Installation by Rene Gabri and Irene Anastas
Following Byron’s example, the creative duo of Rene Gabri and Irene Anastas pored over the monastery archives. Their installation, “When Counting Loses Its Sense” (2015), is a collection of photographs, collages, cards, documents and drawings that resulted from the artists’ attempt to correlate the story of the Armenian Genocide with the concept of art as such. Much like the French philosopher Gilles Deleuze, Gabri and Anastas view art as an act of resistance and a chance to get closer to the truth.

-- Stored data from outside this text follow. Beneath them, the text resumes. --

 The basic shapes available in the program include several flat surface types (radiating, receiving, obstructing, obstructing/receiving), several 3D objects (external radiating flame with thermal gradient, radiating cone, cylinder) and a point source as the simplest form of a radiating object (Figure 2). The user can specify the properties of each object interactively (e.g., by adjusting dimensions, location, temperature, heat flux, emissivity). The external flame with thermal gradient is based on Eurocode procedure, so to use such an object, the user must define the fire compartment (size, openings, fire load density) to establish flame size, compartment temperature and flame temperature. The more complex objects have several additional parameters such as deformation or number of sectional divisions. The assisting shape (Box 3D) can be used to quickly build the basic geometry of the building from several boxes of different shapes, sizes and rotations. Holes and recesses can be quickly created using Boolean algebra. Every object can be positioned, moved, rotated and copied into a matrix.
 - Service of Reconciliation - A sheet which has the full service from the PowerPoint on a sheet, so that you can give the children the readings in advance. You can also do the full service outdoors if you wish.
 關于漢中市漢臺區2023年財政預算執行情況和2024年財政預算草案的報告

Hrair Sargsyan's photo project
The truth is often elusive. Sometimes it needs to be hidden, and that is what “Unsolved” (2012) – a series of photographs by Hrair Sargsyan – is about. It refers to those descendants of Armenians who had to convert to Islam during the Genocide to avoid certain death. Their grandchildren and great grandchildren who live in Turkey to this day were re-baptized when they learned about their roots. But having found their forgotten identity they lost most of their social connections and relationships – the Armenian community is reluctant to accept them while the Turkish majority is not ready to partake in their personal stories. The portraits made by Sargsyan depict these people as incomplete – they are immersed in darkness while a flash of light only reveals glimpses of their eyes, arms or legs.

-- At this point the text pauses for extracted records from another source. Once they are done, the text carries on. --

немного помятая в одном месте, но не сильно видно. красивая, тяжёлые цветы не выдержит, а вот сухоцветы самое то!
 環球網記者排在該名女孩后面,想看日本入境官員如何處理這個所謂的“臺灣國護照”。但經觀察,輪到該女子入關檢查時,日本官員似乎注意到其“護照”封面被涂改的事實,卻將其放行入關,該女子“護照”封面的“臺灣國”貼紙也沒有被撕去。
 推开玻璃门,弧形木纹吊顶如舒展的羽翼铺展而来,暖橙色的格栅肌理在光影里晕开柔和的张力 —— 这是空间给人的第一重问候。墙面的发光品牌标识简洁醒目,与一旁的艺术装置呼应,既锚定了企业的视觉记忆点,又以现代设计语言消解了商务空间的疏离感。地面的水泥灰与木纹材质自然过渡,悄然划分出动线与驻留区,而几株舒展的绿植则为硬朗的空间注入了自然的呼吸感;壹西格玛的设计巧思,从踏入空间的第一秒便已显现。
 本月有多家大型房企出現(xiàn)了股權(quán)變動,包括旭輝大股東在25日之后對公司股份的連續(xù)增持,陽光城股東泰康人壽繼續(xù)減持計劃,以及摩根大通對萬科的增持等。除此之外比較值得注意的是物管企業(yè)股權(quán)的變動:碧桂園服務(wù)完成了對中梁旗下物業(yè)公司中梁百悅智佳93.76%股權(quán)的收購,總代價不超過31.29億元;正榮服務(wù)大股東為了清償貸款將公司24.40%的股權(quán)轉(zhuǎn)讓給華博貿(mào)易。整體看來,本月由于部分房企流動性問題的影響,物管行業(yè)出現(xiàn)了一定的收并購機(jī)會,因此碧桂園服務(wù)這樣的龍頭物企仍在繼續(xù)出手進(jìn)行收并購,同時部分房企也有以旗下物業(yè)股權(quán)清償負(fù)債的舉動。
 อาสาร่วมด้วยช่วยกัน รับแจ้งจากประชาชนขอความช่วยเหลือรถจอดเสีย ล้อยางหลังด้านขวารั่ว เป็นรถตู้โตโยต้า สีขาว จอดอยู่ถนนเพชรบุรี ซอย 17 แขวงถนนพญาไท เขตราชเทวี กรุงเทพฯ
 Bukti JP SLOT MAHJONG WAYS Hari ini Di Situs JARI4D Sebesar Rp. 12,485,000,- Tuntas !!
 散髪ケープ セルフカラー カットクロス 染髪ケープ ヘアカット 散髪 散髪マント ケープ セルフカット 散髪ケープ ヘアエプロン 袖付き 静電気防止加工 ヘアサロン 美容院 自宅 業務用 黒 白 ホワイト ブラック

Memories of the Genocide certainly permeate the work and personal lives of the artists. “All the participants are grandchildren and descendants of those who lived through those days,” said Adelina von Fürstenberg, curator of the pavilion. “No matter where they were born – in Aleppo, Bethlehem, Yerevan or Los Angeles – they share a special sensitivity toward the issues of borders, geography and territory, as well as issues of survival, adaptation and historical memory, not to mention a dream-like image of a country in which many of them have not had a chance to live.”